Several meteorological processes are responsible for causing drought conditions. Among these are periodic flaring of the sun known as sunspots, increases in atmospheric dust, the warming of the planet through increased carbon dioxide (CO2) and fluorocarbon emissions resulting in the greenhouse effect or global warming, and the effects of the El Nino-southern Oscillation (ENSO). Scientists have argued that in some areas of the world, there is a fairly regular 22-year rain/drought pattern. These scientists believe that this 22-year cycle is linked to sunspot patterns. Sunspots are huge magnetic storms on the sun’s surface. They have life spans of only a few days, yet, it is believed that they somehow affect the weather on earth by changing pressure and temperature conditions at the equator, which then results in droughts in certain parts of the world. It is known that sunspot activity reaches a maximum every 11 years. That 11-year pattern is thought to relate to the 22-year weather cycle on earth.

Atmospheric Dust

Another climatic phenomenon that is believed to result in drought is increased atmospheric dust. Winds at the desert margins spur vast amounts of dust into the air. The fine material is propelled into the atmosphere and transported long distances by the easterly winds as a long dust cloud. Such dust clouds have been observed off the coast of West Africa from satellites and space shuttles, extending far out into the Atlantic Ocean.
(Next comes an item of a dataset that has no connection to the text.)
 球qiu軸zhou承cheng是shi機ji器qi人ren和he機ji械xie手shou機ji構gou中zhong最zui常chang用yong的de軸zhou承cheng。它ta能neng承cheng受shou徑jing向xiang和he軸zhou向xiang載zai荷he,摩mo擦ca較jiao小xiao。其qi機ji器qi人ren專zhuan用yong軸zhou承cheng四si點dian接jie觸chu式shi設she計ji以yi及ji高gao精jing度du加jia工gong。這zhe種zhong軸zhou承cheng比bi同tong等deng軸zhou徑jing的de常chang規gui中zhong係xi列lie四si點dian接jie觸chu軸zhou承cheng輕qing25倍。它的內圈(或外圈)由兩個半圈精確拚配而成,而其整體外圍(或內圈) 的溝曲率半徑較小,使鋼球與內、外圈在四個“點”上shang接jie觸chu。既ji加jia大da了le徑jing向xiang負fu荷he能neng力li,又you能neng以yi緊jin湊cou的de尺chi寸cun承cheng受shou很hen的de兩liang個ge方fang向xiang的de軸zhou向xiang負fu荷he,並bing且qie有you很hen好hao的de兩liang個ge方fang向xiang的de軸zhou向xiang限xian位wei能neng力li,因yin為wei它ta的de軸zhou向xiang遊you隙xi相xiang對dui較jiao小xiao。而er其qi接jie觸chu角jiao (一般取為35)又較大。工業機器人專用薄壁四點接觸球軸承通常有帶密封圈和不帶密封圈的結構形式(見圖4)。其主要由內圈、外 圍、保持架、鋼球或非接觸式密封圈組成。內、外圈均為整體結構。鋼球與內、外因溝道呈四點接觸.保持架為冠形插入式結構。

Some of this dust can be blown all the way across the Atlantic into the Caribbean Islands. The dust layer high up in the atmosphere can hinder cumulus cloud formation because of the warm temperatures emanated by the dust layer as the sun heats it. Because of atmospheric dust, drought conditions might be experienced in regions where rain would usually have fallen.

The massive amounts of greenhouse gases (such as carbon dioxide, methane, nitrous oxide, chlorofluorocarbons, and ozone) that are being spewed into the atmosphere due to recent increased human activity, and intercontinental pollution of the atmosphere with aerosols, can result in more frequent droughts. For example, there has been increased variability of the monsoon weather over the Indian subcontinent in recent decades. This is blamed on polluted “atmospheric brown clouds” traveling from one continent to another, which interact with oceanic warming, resulting in an increased frequency of drought conditions.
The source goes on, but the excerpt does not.